To calculate the collector area necessary to raise the temperature of the water in the tank, we need to calculate the amount of energy required to heat the water and then determine the amount of solar energy incident on the collector.
First, let's determine the energy required to heat the water. The energy equation for heating a substance is given by:
Energy = mass × specific heat × temperature change
In this case, we have:
Mass of water = 440 L = 440 kg (since the density of water is 1.00 g/cm3)
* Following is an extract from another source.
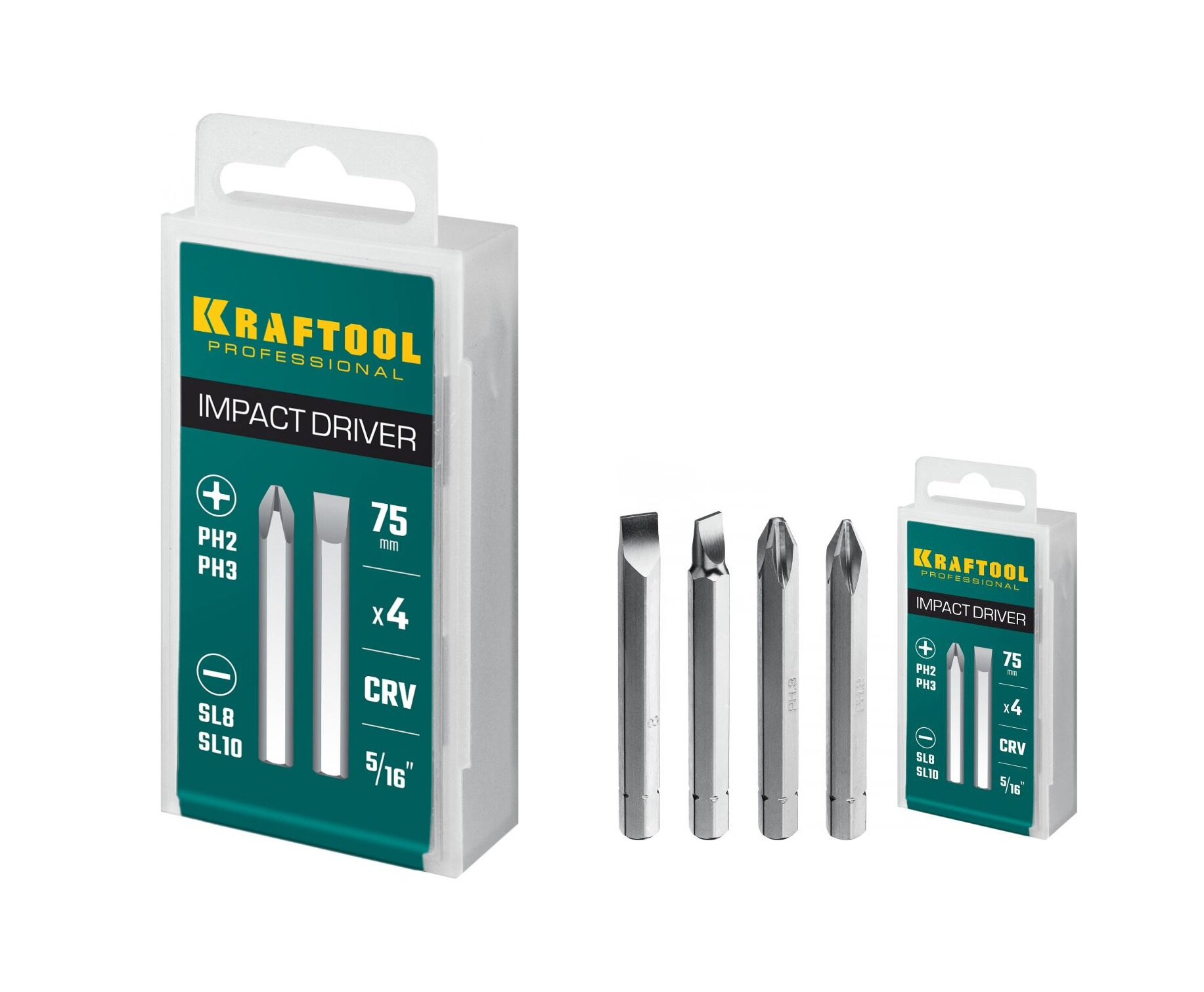 Комплект бит для ударной отвертки 4 шт, 75 мм Kraftool 25552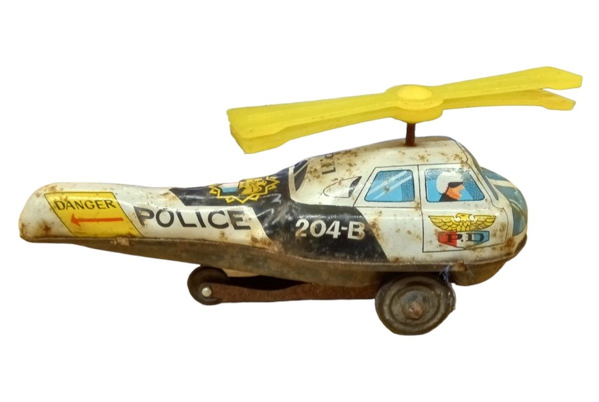 Japanese Police Helicopter Tin Friction Toy Vintage Collectible Nostalgic

Specific heat of water = 4186 J/kg·K
Temperature change = 36°C - 24°C = 12°C
Using the equation, we can compute the energy required:
Energy = 440 kg × 4186 J/kg·K × 12°C
Energy = 22,047,360 J
Next, let's determine the amount of solar energy incident on the collector. We have the intensity of incident sunlight, which is given as 610 W/m2. The time of exposure is 2.6 hours.
To calculate the energy incident on the collector, we multiply the intensity of sunlight by the collector area and the time of exposure:
Energy incident = intensity of sunlight × collector area × time of exposure
We know that the system efficiency is 15.0% or 0.15. Therefore, the energy incident on the collector is only 0.15 of the total solar energy incident on the system:
Energy incident on collector = efficiency × energy incident
We can rearrange the equation to solve for the required collector area:
Collector area = (energy required) / (efficiency × intensity of sunlight × time of exposure)
Substituting the values we calculated earlier:
Collector area = 22,047,360 J / (0.15 × 610 W/m2 × 2.6 hours)
Collector area = 22,047,360 J / (0.15 × 610 W/m2 × 2.6 hours) = 235.42 m2
Therefore, the collector area necessary to raise the temperature of 440 L of water from 24°C to 36°C in 2.6 hours is approximately 235.42 square meters.